Awhile back I did a piece on nuclear energy and you would have thought I was in favour of hanging petty thieves (that theory belongs to the Harper Conservatives). I said nothing in favour of nuclear but only made the point that before anything is rejected, it (the modern version) should be studied so we can understand our options. At that point we had had Chernobyl and Three Mile Island but not, of course, Fukushima.
In the Globe and Mail for May 23 last, on the op-ed page is an article by Neil Reynolds, headlined “With Thorium We Could Have Safe Nuclear Power”.
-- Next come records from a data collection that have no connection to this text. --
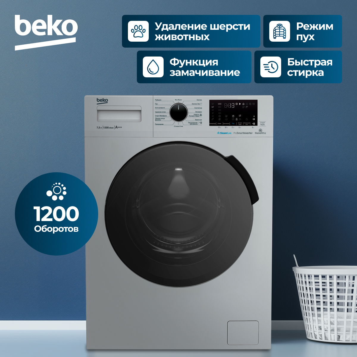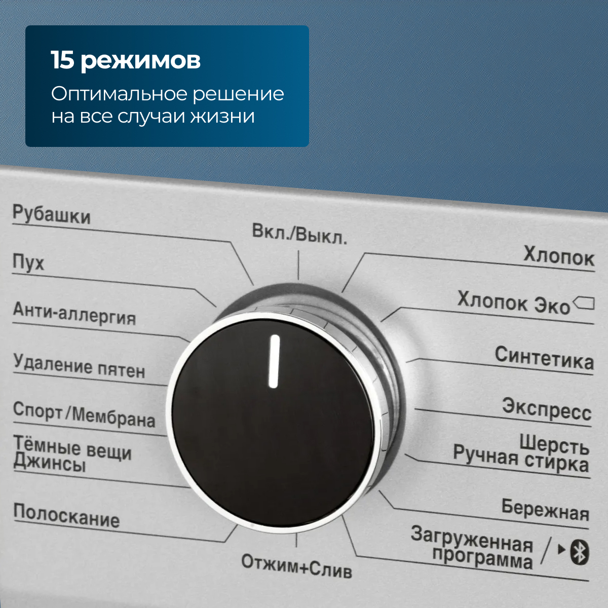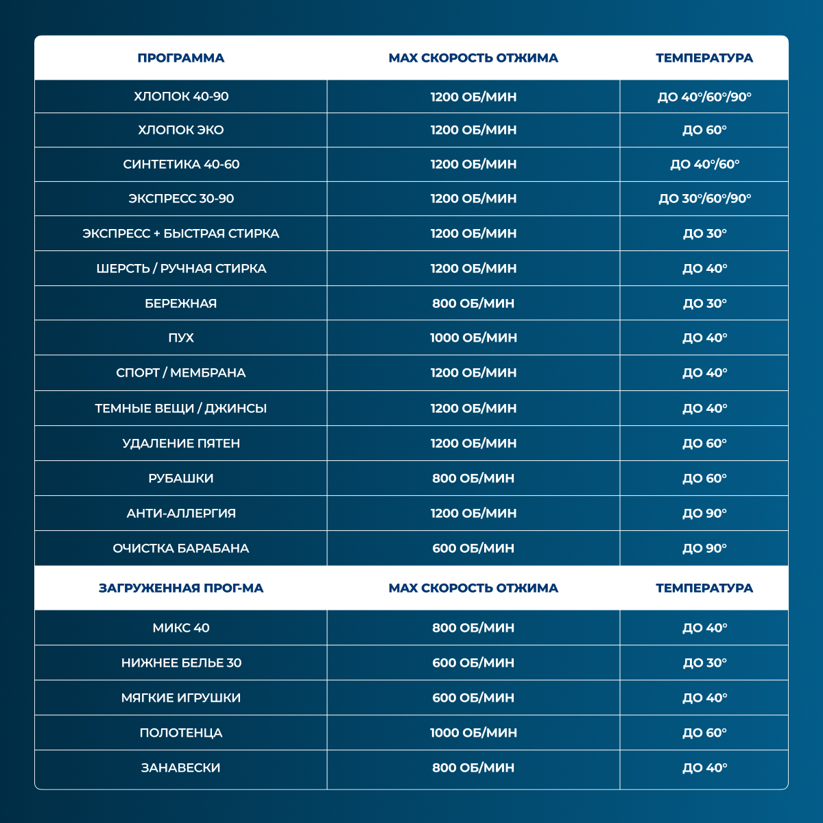 Быстрая стирка;Удаление пятен;Сушка: Хлопок;Стирка изделий из синтетики;Стирка изделий из джинсовой ткани;Стирка спортивной одежды;Стирка пуховых вещей;Отжим;Полоскание;Замачивание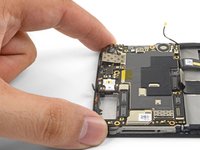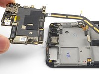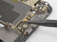 Slide the point of a spudger underneath the antenna interconnect cable that is connected to the motherboard above the vibration motor.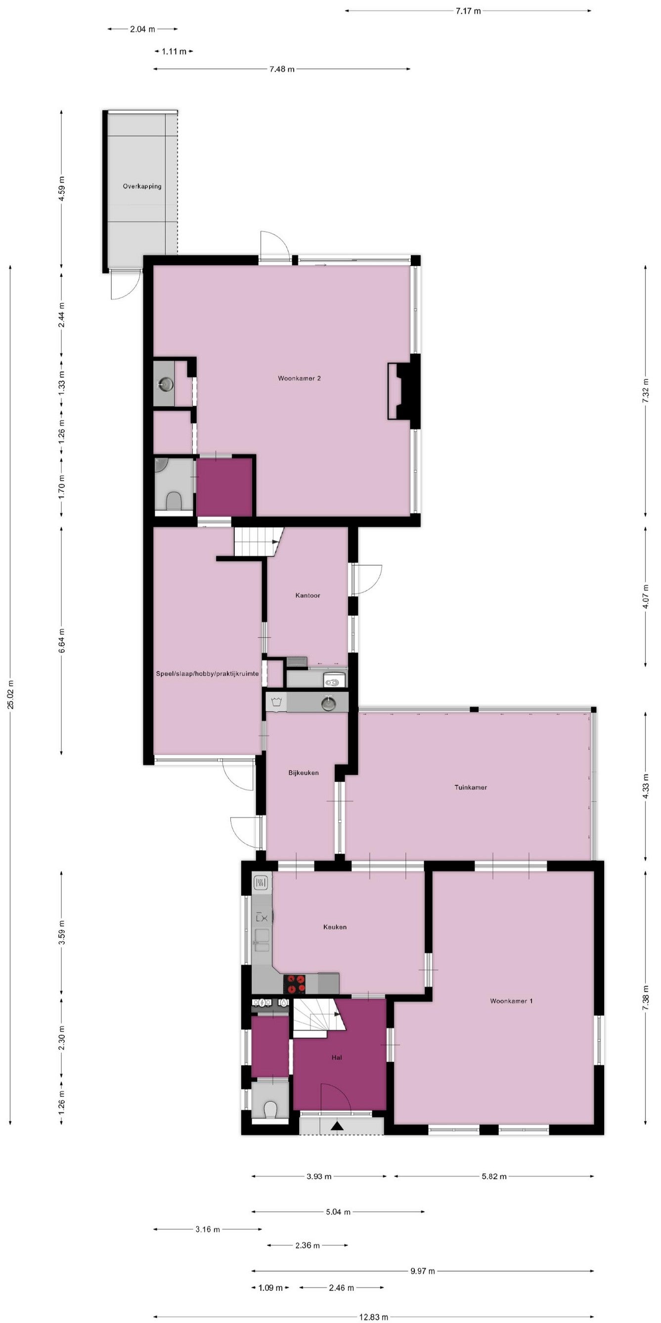 - De tussenwoning heeft een woonoppervlakte van 258 m² en beschikt over 7 kamers, waarvan 6 slaapkamers;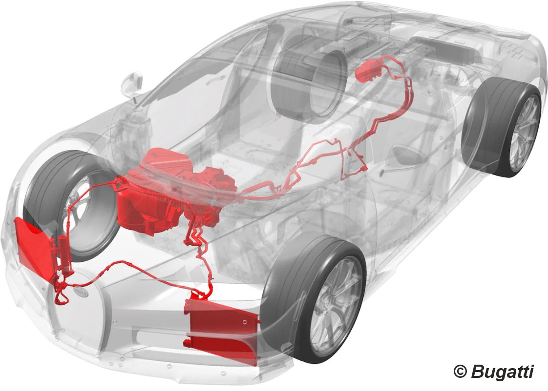 de Bugatti. Debido al motor central, los conductos del aire acondicionado son especialmente largos: 9,5 metros.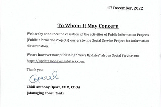 Naku Consulting Discontinues PublicInformationProjects And Commences "News Updates".
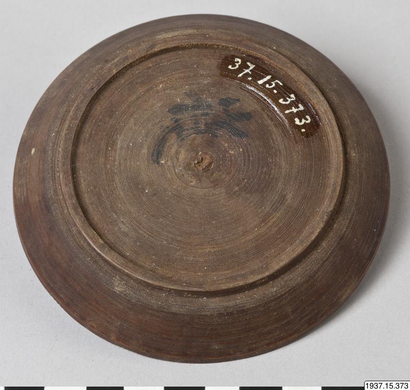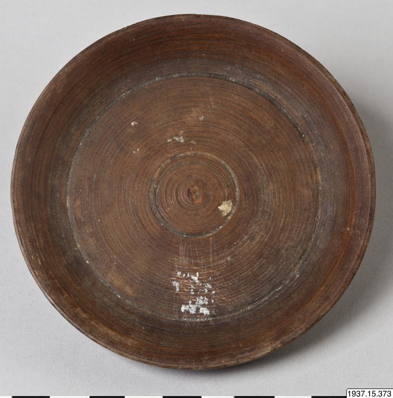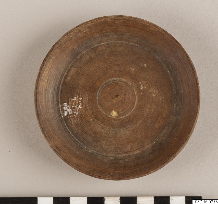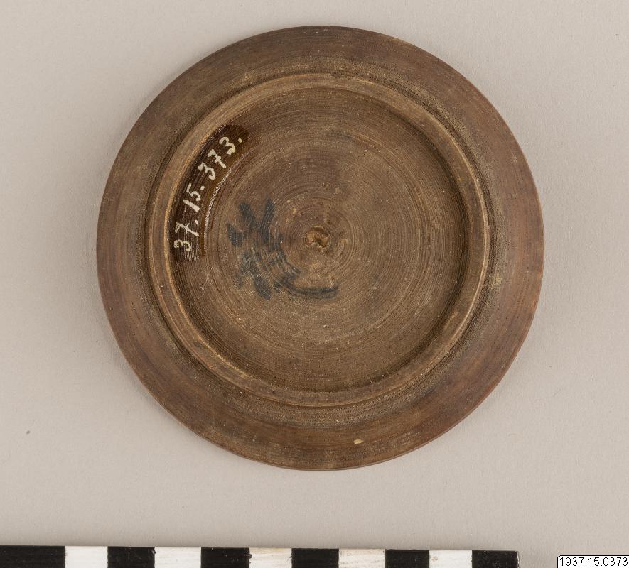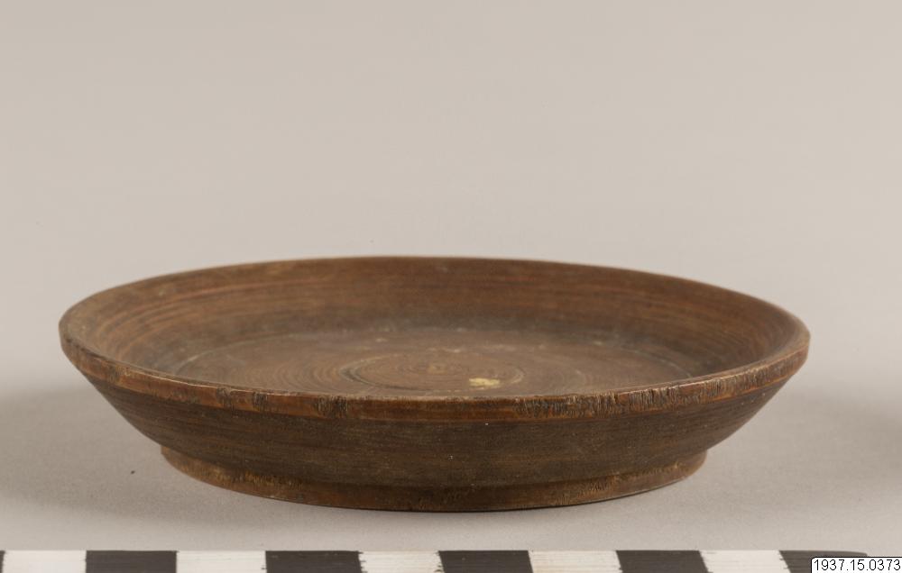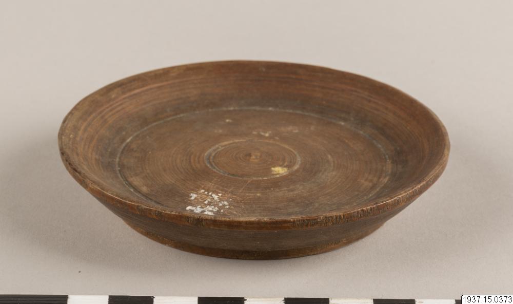 This wooden dish has flared sides that curve down to a foot in the lowest section. The base within the footrim is flat. The outer edge of the rim of the dish was trimmed vertically. This dish was turned on a lathe from one piece of wood. The turning marks remain visible. Two incised rings on the interior of the dish – one where the base meets the sides, and one at the centre – add a decorative element to the otherwise plain dish. An inscription or sign is written in black on the base of the dish. The surface was treated with a surface coating, possibly lacquer. Wood-turning is a traditional craft in Korea and craftspeople have been known for being especially skilful at turning wood, producing a large variety of round-shaped objects for ritual or everyday use such as dishes, bowls, trays, and small round tables (Korean: soban). To produce wooden wares, the wood was first cut and roughly shaped (Korean: chogari). After drying, the piece of wood was then worked into its final shape (Korean: jaegari). Wooden wares were typically finished with a surface coating of lacquer. Simple decorations of incised lines, along with the visible turning or tool marks and the natural pattern of the wood grain, give these objects a special aesthetic appeal.
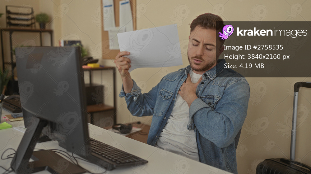 Young bearded man in a denim jacket sitting at a desk in an office, fanning himself with documents, looking stressed at his computer screen next to a suitcase and corkboard. - Kraken Images

Here is the opening paragraph to set the stage:
[quote]In the beginning, nuclear scientists identified two fuel sources for the atomic age: uranium and thorium. They went with uranium. Why? It wasn’t because uranium was the better fuel. Thorium is more abundant. It is simpler. It is safer. (Although slightly radioactive, it can’t sustain a chain reaction in a nuclear reactor and, hence, can’t “melt down.”)[/quote]
Incidentally, why did we end up taking what was so obviously the wrong path? In short, because you can’t make Plutonium from Thorium – while you can from Uranium. And Plutonium was essential to building nuclear warheads. As Reynolds explains, “In the Cold War, the science goal was synonymous with the military goal:
nuclear weapons. Plutonium delivered the deadliest mushroom cloud.” Nuclear power from Uranium was a two-for-one proposition: energy and weapons.
Now, Dear Friends, did old Uncle Rafe come out in favour of nuclear power? Is it time we all set our hairpieces on fire? Does he want to have reactors like they have (had, I suppose) in Japan?
No, I want no such thing! Nuclear power as we know it has been thoroughly discredited as dangerous and expensive – and we still haven’t found a safe way to get rid of the waste.
Nor am I ready to accept a column in the Toronto Globe and Mail as definitive of the matter. Mr. Reynolds is an experienced and able columnist but he is not the scientific community. His proposition requires a hell of a lot more information from not only science but regurgitated from a thorough public debate.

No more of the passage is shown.